AVAILABLE DATA

★ ★ ★ ★ ★

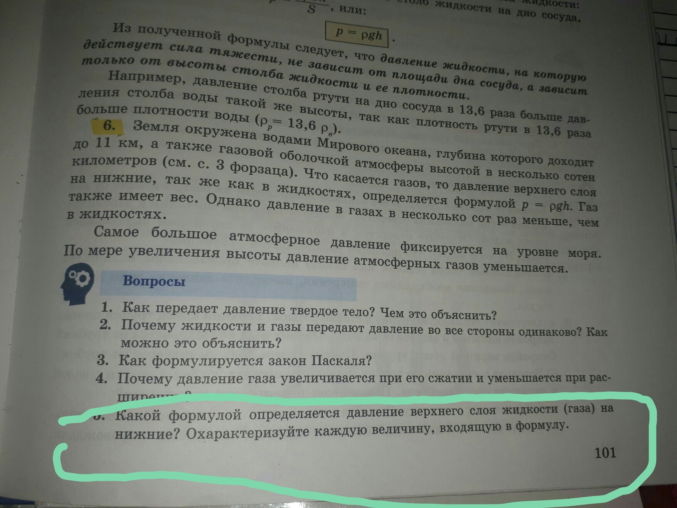 какой формулой определяется давление верхнего слоя жидкости (газа) на нижние?Охарактеризуйте каждую величину входящую в формулу
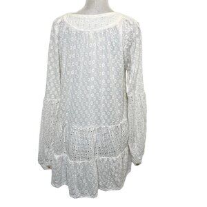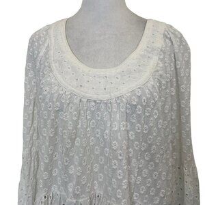 Anthropologie Meadow Rue Eyelet Floral Embroidered Boho Top White size Small
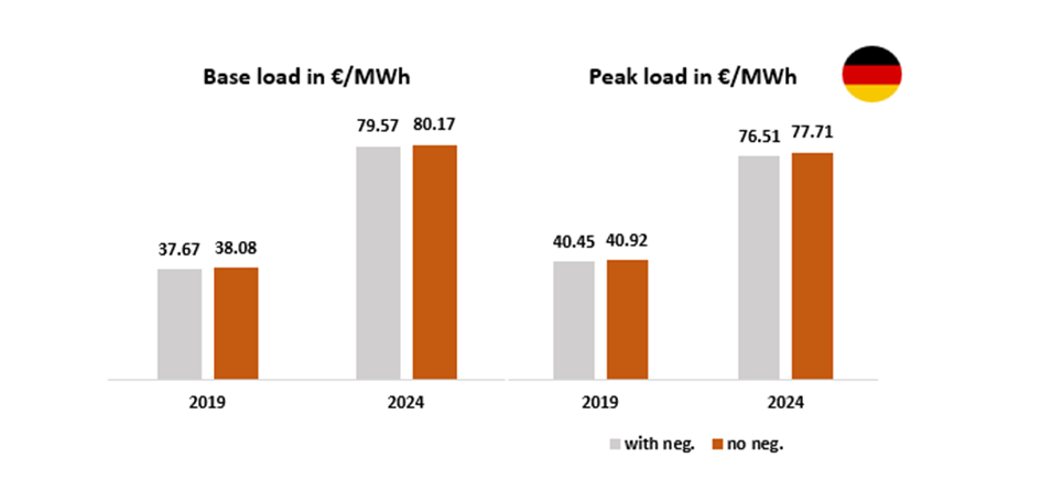 Graph: Comparison of German base- and peak load prices once including negative prices and once with negative prices set to zero. Values for Germany.
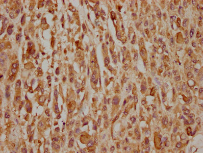 IHC image of CSB-PA001898LA01HU diluted at 1:320 and staining in paraffin-embedded human melanoma cancer performed on a Leica BondTM system. After dewaxing and hydration, antigen retrieval was mediated by high pressure in a citrate buffer (pH 6.0). Section was blocked with 10% normal goat serum 30min at RT. Then primary antibody (1% BSA) was incubated at 4°C overnight. The primary is detected by a biotinylated secondary antibody and visualized using an HRP conjugated SP system.
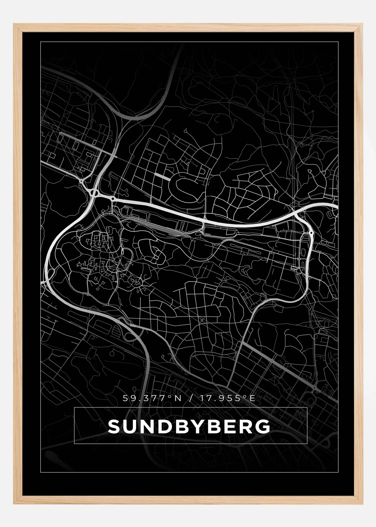 Kartta - Sundbyberg - Musta Juliste (21x29.7 cm (A4))
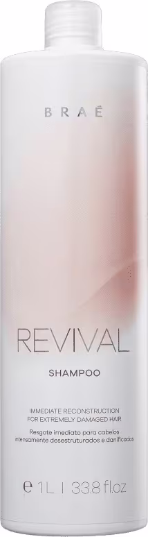 Braé Revival - Shampoo 1L: Shampoo para cabelos extremamente danificados que proporciona uma limpeza suave sem ressecar enquanto repara os danos e prepara os fios para o tratamento completo de reconstrução.

★ ★ ★ ★ ★

PROBLEM DESCRIPTION
Write out the lines of the entries above exactly, beginning with the first and ending with the line that contains "Graph: Comparison of". No picture goes in.

WRITTEN ANSWER
 какой формулой определяется давление верхнего слоя жидкости (газа) на нижние?Охарактеризуйте каждую величину входящую в формулу
 Anthropologie Meadow Rue Eyelet Floral Embroidered Boho Top White size Small
 Graph: Comparison of German base- and peak load prices once including negative prices and once with negative prices set to zero. Values for Germany.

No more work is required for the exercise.